Genetic diversity between protein sequences was calculated using MEGA5.01 (corrected with Poisson model) from alignments obtained using MAFFT. Protein hydropathy plots were constructed with the Gene Runner 3.05 software (available for download at http://www.generunner.net/) using the Kyte–Doolittle hydropathy scale and a window of 10 amino acid residues. Protein motifs were identified by running Pfam and Prosite protein profile (using the Motif Search tool: http://www.genome.jp/tools/motif/) and conserved domain searches (using the Web CD-search tool: http://www.ncbi.nlm.nih.gov/Structure/bwrpsb/bwrpsb.cgi). Potential nuclear localization signals were tentatively identified with PredictProtein (available at www.predictprotein.org) and by visual inspection of protein sequences using the consensus defined by Christophe et al. (2000) as a reference. Transmembrane helices in protein sequences were predicted with SOSUI (http://bp.nuap.nagoya-u.ac.jp/sosui/) and TMHMM Server v. 2.0 (available at http://www.cbs.dtu.dk/services/TMHMM/). Access to the latter server also provided tools for the analysis of potential N-glycosylation sequences (NetNGlyco) and kinase specific eukaryotic protein phosphoylation sites (NetPhosK 1.0).

Analysis of the 5′- and 3′-UTR and cyclization of the CTFV RNA

Analyses of 3′-UTR focused on the visual identification of conserved and repeated sequence motifs, as well as direct and inverted repeats, commonly found in the genome of flaviviruses.

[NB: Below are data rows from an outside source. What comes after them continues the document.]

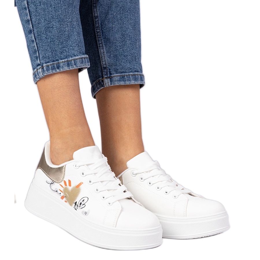Détails: Baskets blanches et or baskets sportives féminines avec imprimé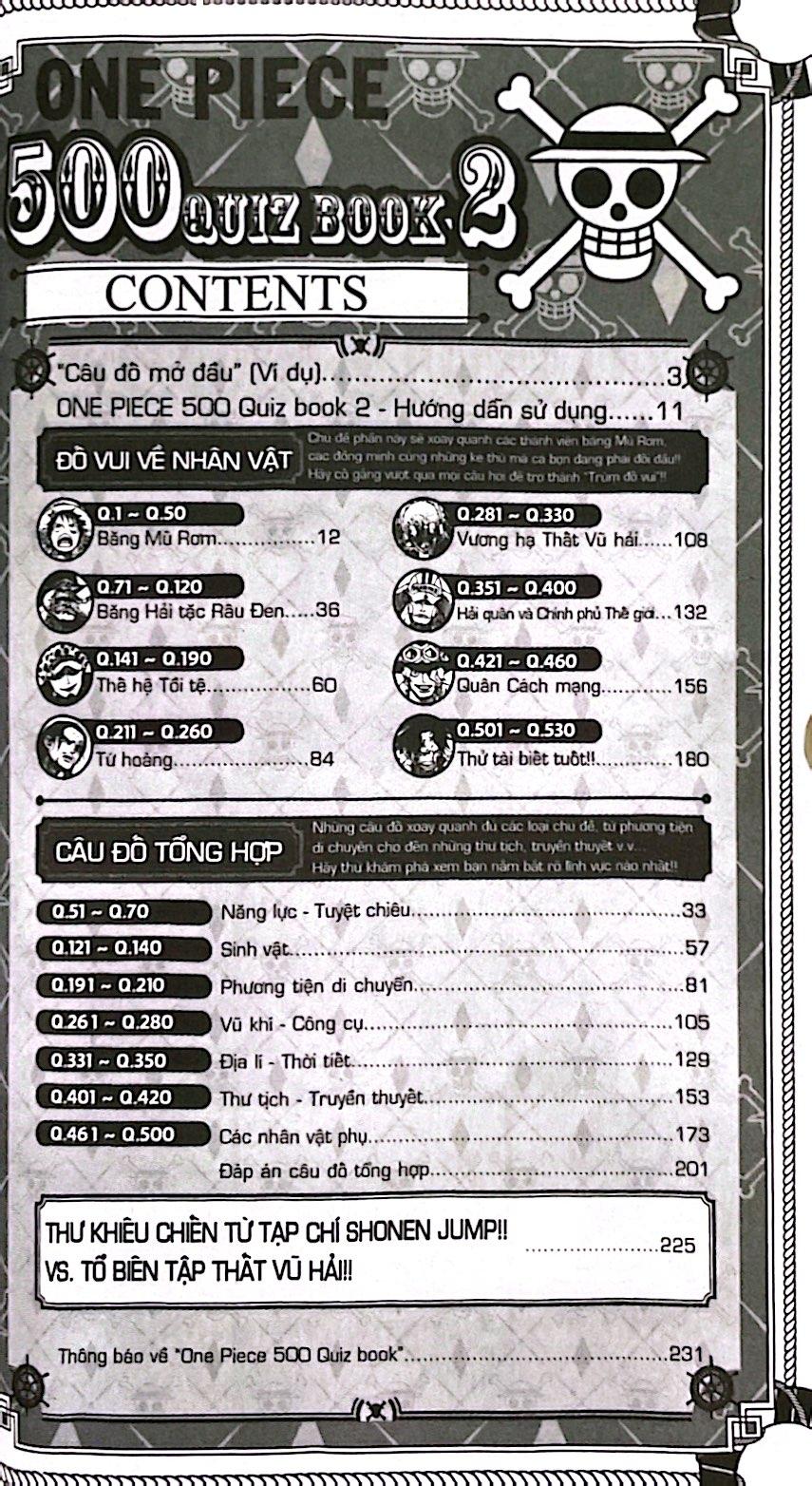 Các câu đố vui trong cuốn sách được phân chia thành những chủ đề khác nhau như: Chủ đề về các thành viên băng Hải tặc Mũ Rơm, Thất Vũ hải, Hải quân hay Tứ hoà Toàn bộ những chuyến phiêu lưu, trận chiến đình đám trong tác phẩm sẽ trở thành những thử thách đủ sức làm khó những Fan kì cựu nhất!!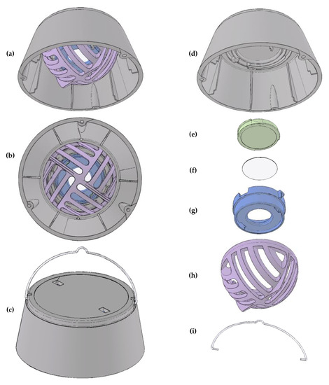 Figure 1. The assembled low-cost passive sampler, shown from (a) side, (b) bottom, and (c) top, and its components, including the (d) cap, (e) base for paper filter exposure surface, (f) paper filter exposure surface, (g) clamp for paper filter exposure surface, (h) protective cage, and (i) wire for hanging sampler.
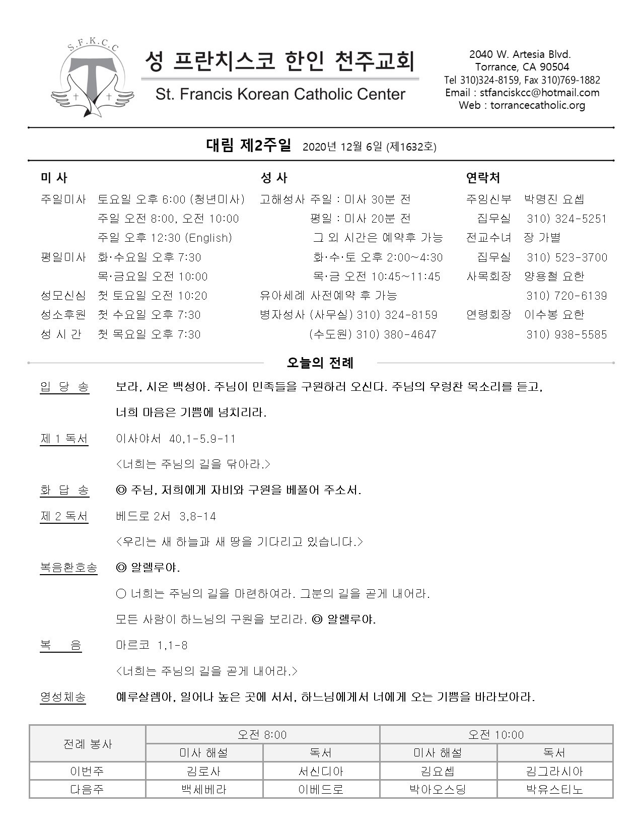 주일: 오전 8시; 10시 (한국어)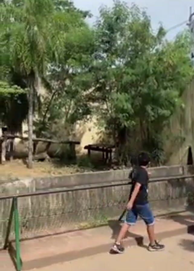 Three boys walk along a fenced walkway at a zoo on a sunny day. The boy in the front wears a black t-shirt and denim shorts, the boy in the middle wears a yellow t-shirt and gray shorts, and the boy in the back wears a gray t-shirt and dark shorts. They approach an animal enclosure that contains trees, benches, and a concrete wall. The camera pans to show the full enclosure where a possible animal is seen on the far left. A sign is visible in the middle of the enclosure. The sky is partly cloudy.

Folding patterns of the 5′- and 3′-UTR were predicted using default parameters of online RNA folding services provided by the MFOLD (http://mfold.rna.albany.edu/?q=mfold) and RNAfold (http://rna.tbi.univie.ac.at/cgi-bin/RNAfold.cgi) web servers. The multiple structures predicted by both servers were compared to those obtained for the 5′- and 3′-UTR of Culex flavivirus (CxFv strain Tokyo; NC_008604), and cell fusing agent virus (NC_001564). To investigate the possible cyclization of the CTFV RNA, partial 5′- and 3′-UTR sequences were artificially linked by a flexible string of multiple adenine nucleotides (stuffer DNA), and the RNA folding patterns were predicted by MFOLD and RNAfold.

Nucleotide sequence accession numbers

The nucleotide sequences of the CTFV near full-length genomes reported in this work have been deposited in the GenBank/EMBL/DDBJ databases under accession numbers HE574573 (isolate 153) and HE574574 (isolate 178). The five partial CTFV NS5 sequences reported in this work have been assigned the accession numbers FR873476–FR873480FR873476FR873477FR873478FR873479FR873480. Partial Cx. theileri COI sequences were deposited in the GenBank/EMBL/DDBJ database under accession numbers HE610457–HE610460HE610457HE610458HE610459HE610460.